Since throttling is specific to the current time window, it can be trickier. There’s no “hard formula” for when you’ll hit a threshold. But when you do, you’ll probably start seeing 429 HTTP status responses.

Throttling Examples

Thankfully, you can get insights into your current throttling status by looking at response headers for the requests.

x-ms-ratelimit-remaining-subscription-reads - # of read operations to this subscription remaining
x-ms-ratelimit-remaining-subscription-writes - # of writes operations to this subscription remaining
x-ms-ratelimit-remaining-resource - Compute RP specific header, which could show multiple policy statuses. (see “Read Request for GETting a VMSS” below for details)

Let’s dig into this deeper using the Azure CLI.

Example: Create a Resource Group (Write Request)

Because this request creates a RG, it will count against our subscription writes:

➜  az group create -n $RG --location $LOCATION --verbose --debug --debug 2>&1 | grep 'x-ms'

DEBUG: cli.azure.cli.core.sdk.policies:     'x-ms-client-request-id': '<GUID>'
DEBUG: cli.azure.cli.core.sdk.policies:     'x-ms-ratelimit-remaining-subscription-writes': '1199'
DEBUG: cli.azure.cli.core.sdk.policies:     'x-ms-request-id': '<GUID>'
DEBUG: cli.azure.cli.core.sdk.policies:     'x-ms-correlation-request-id': '<GUID>'
DEBUG: cli.azure.cli.core.sdk.policies:     'x-ms-routing-request-id': 'SOUTHCENTRALUS:20230512T163152Z:<GUID>'

NOTE: The key point is how the x-ms-ratelimit-remaining-subscription-writes is now 1199 (instead of the standard 1200 per hour as per the Subscription and Tenant limits)

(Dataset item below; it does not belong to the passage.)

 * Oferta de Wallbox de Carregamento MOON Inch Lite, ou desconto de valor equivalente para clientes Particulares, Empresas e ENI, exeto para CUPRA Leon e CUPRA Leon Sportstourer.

Example: GET a VMSS (Read Request)

This request performs a GET (read) request on an existing VMSS. This is similar to the write request for the RG, but since Compute RP also has a separate set of throttling policies, it also counts against the Compute RP limits.

➜  az vmss show -n $VMSS_NAME -g $RG --debug 2>&1 | grep x-ms
DEBUG: cli.azure.cli.core.sdk.policies:     'x-ms-client-request-id': '<GUID>'
DEBUG: cli.azure.cli.core.sdk.policies:     'x-ms-ratelimit-remaining-resource': 'Microsoft.Compute/GetVMScaleSet3Min;197,Microsoft.Compute/GetVMScaleSet30Min;1297'
DEBUG: cli.azure.cli.core.sdk.policies:     'x-ms-request-id': '<GUID>'
DEBUG: cli.azure.cli.core.sdk.policies:     'x-ms-ratelimit-remaining-subscription-reads': '11999'
DEBUG: cli.azure.cli.core.sdk.policies:     'x-ms-correlation-request-id': '<GUID>'
DEBUG: cli.azure.cli.core.sdk.policies:     'x-ms-routing-request-id': 'SOUTHCENTRALUS:20230512T162738Z:<GUID>'

NOTE: The key point is how x-ms-ratelimit-remaining-resource has two key-value pairs:

Microsoft.Compute/GetVMScaleSet3Min;197 - I ran this command before, so I have 197 requests available in the 3 minute window for performing GET requests on the VMSS resource
Microsoft.Compute/GetVMScaleSet30Min;1297 - I now have 1297 requests available in the 30 minute window for performing GET requests on VMSS resources

NOTE: x-ms-ratelimit-remaining-subscription-reads doesn’t seem to decrease (11999). Even if I run the same command again. I haven’t figured that out yet.

Designing with quotas and throttling in mind

Most Azure deployments won’t need this type of fine tuning, but just in case, there’s some documented Throttling Best Practices as well as my personal pro-tips:

Use the Azure SDK, as many services have the recommended retry guidance built-in
Instead of creating and deleting VMSS (which consume multiple VMSS API requests), scale the VMSS to 0 (which only consumes 1 VMSS API request)
Any type of Kubernetes cluster auto-scaler will perform a reconciliation loop with Azure Compute RP. This could eat into your throttling limits
Use the Azure Quota Service API to programmatically request quota increases

If you’re unable to workaround the throttling limits, then the next step is to look at the Deployment Stamp pattern using multiple subscriptions. You can programmatically create subscriptions using Subscription vending.

Hopefully this article has helped you understand quotas limits and throttling limits in Azure, and how to work around them. Let me know if you have any additional questions and/or feedback and I can follow-up with additional details.